What is milk punch? It is the consommé of beverages: a richly flavored liquid, purged of tint by classic culinary legerdemain. In the case of consommé, a rich, opaque broth is clarified with egg whites, which when gently heated collect all visual impurities in the broth. As the white solidifies the liquid becomes crystal clear. Similarly in milk punch, milk is acidified until it curdles, and the curds transform the left-behind liquid into a confusingly clear but rich beverage. There is one main difference however: whereas the egg whites scrub the broth of impurities and leave no flavor in their wake, the curds in milk punch leave behind a clarified whey that is rich with lactose.

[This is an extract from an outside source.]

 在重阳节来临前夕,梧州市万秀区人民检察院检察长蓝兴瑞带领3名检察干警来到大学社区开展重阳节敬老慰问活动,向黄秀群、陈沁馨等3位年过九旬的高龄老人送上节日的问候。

This uncommon sugar lends a silky mouthfeel to an already complex beverage. The curds do scrub the liquid of many impurities, so that when they are removed, something bizarre happens: the punch becomes shelf stable at cellar temps. You can store the stuff for quite some time. Charles Dickens had several bottles in his cellar when he died, and so the story goes, it was still delicious and unspoiled when it was later auctioned with the rest of his possessions.

This punch is cycling back into popularity, as history-obsessed bartenders are dusting off the drink and putting their own twist on it. Part of its appeal is, of course, its curious clarity. The other part is that milk punch is damn delicious. It’s a seamlessly integrated beverage that marries spirit, sweet, sour, tea tannins, and the essence of cream in a most harmonious way. It does takes a bit of time to prepare, though. The recipe below takes the better part of a week. 

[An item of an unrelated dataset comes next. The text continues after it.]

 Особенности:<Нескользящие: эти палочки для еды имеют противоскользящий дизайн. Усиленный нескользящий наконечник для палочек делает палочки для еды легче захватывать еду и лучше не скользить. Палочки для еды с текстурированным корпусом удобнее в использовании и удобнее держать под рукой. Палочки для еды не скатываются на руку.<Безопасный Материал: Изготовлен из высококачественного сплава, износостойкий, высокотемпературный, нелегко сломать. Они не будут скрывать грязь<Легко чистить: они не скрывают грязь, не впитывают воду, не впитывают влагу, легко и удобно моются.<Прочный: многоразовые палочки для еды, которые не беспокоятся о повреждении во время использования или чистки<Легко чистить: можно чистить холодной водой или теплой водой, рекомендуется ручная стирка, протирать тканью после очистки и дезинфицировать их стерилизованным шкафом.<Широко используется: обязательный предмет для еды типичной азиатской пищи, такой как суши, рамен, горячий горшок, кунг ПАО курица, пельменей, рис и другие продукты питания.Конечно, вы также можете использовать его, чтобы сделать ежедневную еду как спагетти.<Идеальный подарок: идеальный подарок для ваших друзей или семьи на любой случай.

Micah’s basic clarified milk punch 


¾ c light rum (Bacardi or
Shellback work nicely)
¾ c aged rum (I like Pusser’s or Appleton’s VX)
1 ½ c milk (whole, non-homogenized milk works best)
peels of 2 limes
peels of 1 orange
¼ c lemon juice
¼ orange juice
peels of 8 lemons
1 c sugar
1 tbsp loose black tea leaves
3 c water


Peel the limes and orange peels, taking as little pith as possible. Add the peels to the rum and infuse overnight. Strain the peels off the rum, and reserve the infused rum.

The next day, heat the water to boil, remove from heat, and add tea. Steep for 10 minutes, then remove and discard the tea leaves. Peel the eight lemons, taking as little white pith as possible. Muddle the peels into the sugar, and let them sit until the sugar draws out the oils from the peels. Add the cooled tea to the oily sugar, and then strain out the peels. Reserve the sweetened lemon tea mixture.

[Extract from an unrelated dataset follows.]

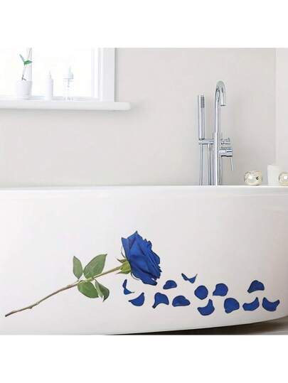 1pc Rose Flower Bathtub Sticker, Romantic Atmosphere, Waterproof Removable Bathroom Decorative Decal - Blue - View 1

In a saucepan over low heat, bring the milk to 140° F. Promptly remove from heat and add the infused rum and citrus juice to curdle the milk. Gently move the pan to the fridge and store covered for at least 30 minutes to solidify the curds. Pour the mixture gently through a cheesecloth-lined strainer. Add the sweetened tea mixture to the clarified milk mixture, and allow this to rest for one day in a sealed, clear container in the fridge.

After one day, any remaining curds or visual impurities should settle to the bottom, and the liquid above it should be crystal clear. Using a siphon, rack the clear liquid off of the curds, and store the resulting punch. Allow it to rest a few days, and enjoy the punch at your leisure over the next couple of months. Serve with a little fresh grated nutmeg.

The resulting punch should be redolent of tea with milk, lightened, stretched, and fortified over a scaffold of rum and sweetened citrus. The recipe is a great jumping off point for your own experimentation and can be made well in advance of your next party. Happy punch making!